Encore faudrait-il toutefois qu’un consensus se fasse sur la nécessité d’une sélection. Or, certains syndicats étudiants, dont la représentativité fait pourtant rire, ont depuis longtemps tracé une ligne rouge devant la sélection. C’est peut-être pour leur faire plaisir que Madame la ministre de l’éducation nationale, de l’enseignement supérieur et de la recherche a fait la déclaration suivante : la sélection « s’oppose non seulement à la démocratisation et au nécessaire renouvellement des élites, mais elle s’oppose aussi frontalement (...) au progrès ». Continuant dans la même veine, notre ministre a ajouté qu’ « elle masque, [qu’] elle abandonne, [qu’] elle laisse des millions de jeunes en dehors de l’enseignement supérieur (...) Je n’ignore pas les difficultés de l’enseignement supérieur. Mais je ne crois pas que nous les surmonterons en revenant à d’anciennes lubies, et les vieilles lunes ne m’intéressent pas ».
L’exigence de cohérence fait peut-être partie des « vieilles lunes » dont notre ministre n’a cure. En effet, ce n’est pas contre la sélection en général que Madame la ministre est partie en croisade, mais contre la sélection à l’Université. Il n’est pas question pour elle de remettre en cause la sélection dans les Écoles de commerce, les Écoles d’ingénieur, les Instituts d’Études politiques, dont Sciences po Paris (qu’elle avait par ailleurs intégré, après sélection, à l’issue d’une licence en droit)… C’est donc l’Université, et elle seule, qui ne pourrait en aucun cas, et à aucun niveau, sélectionner, sauf à empêcher le « progrès » et le « renouvellement des élites ».
Contrairement à ce que certains voudraient faire croire, les partisans, forts nombreux au demeurant, de la sélection après un certain niveau d’études, ne sont pas animés par de « vieilles lunes » anti-démocratiques. Ils ont simplement le désir de donner la meilleure formation possible à leurs étudiants, dans un contexte concurrentiel accru.
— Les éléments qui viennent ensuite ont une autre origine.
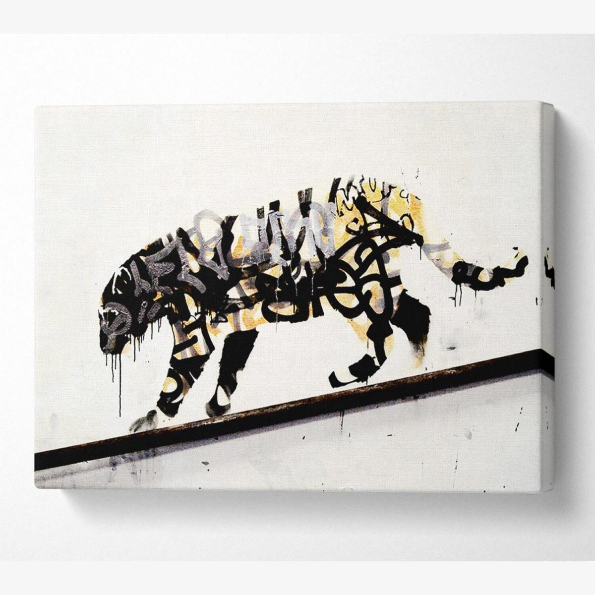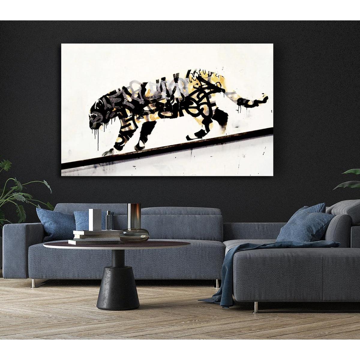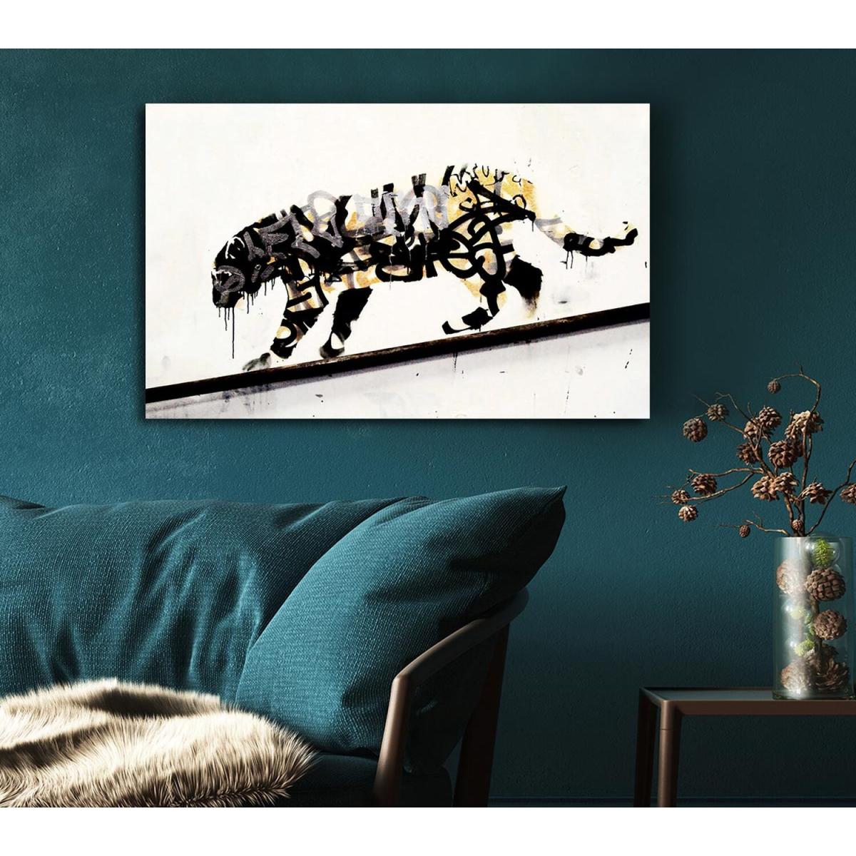 I love this piece because of its contemporary, urban feel that really adds character to a space. The artwork’s monochrome palette with bold black accents makes it highly versatile-working well in modern, minimalist, or eclectic interiors. It’s small enough to serve as a statement piece above a sofa or console, but also flexible enough to be part of a gallery wall. For a polished look, pair it with sleek frames or keep it unframed for an understated vibe. This piece works particularly well in industrial or monochrome schemes, but can also inject a touch of edge into softer, more neutral environments. Practical tip: hang it at eye level for maximum impact and don’t be afraid to pair with other urban-inspired accessories for a cohesive look.

Comment assurer à une promotion de plusieurs dizaines, voire centaines d’étudiants, une formation professionnalisante, axée sur l’échange, la réflexion et l’interactivité ? Il suffirait, certes, de multiplier les petits groupes, mais avec quels moyens, dans quels locaux ?
Pourtant, Madame la ministre dit ne pas ignorer les difficultés des Universités... La plupart ont juste la tête hors de l’eau grâce à l’abnégation de tous ceux qui y travaillent, étudiants compris, dont la bonne volonté est admirable compte tenu des conditions matérielles dans lesquelles ils se trouvent parfois.
Or, le décret préparé en urgence ne va faire que colmater certaines brèches. L’essentiel est donc à venir, et il est des raisons d’en concevoir quelques craintes. Nous profitons du printemps mais, comme chacun sait, Winter is comming et John Snow est mort (ou pas ?).
Références
■ CE, avis, 10 févr. 2016, n° 394594, Lebon ; Dalloz Actu Étudiant, 22 févr. 2016 ; AJDA 2016. 235 ; D. 2016. 379 ; ibid. 536, entretien C. Fortier.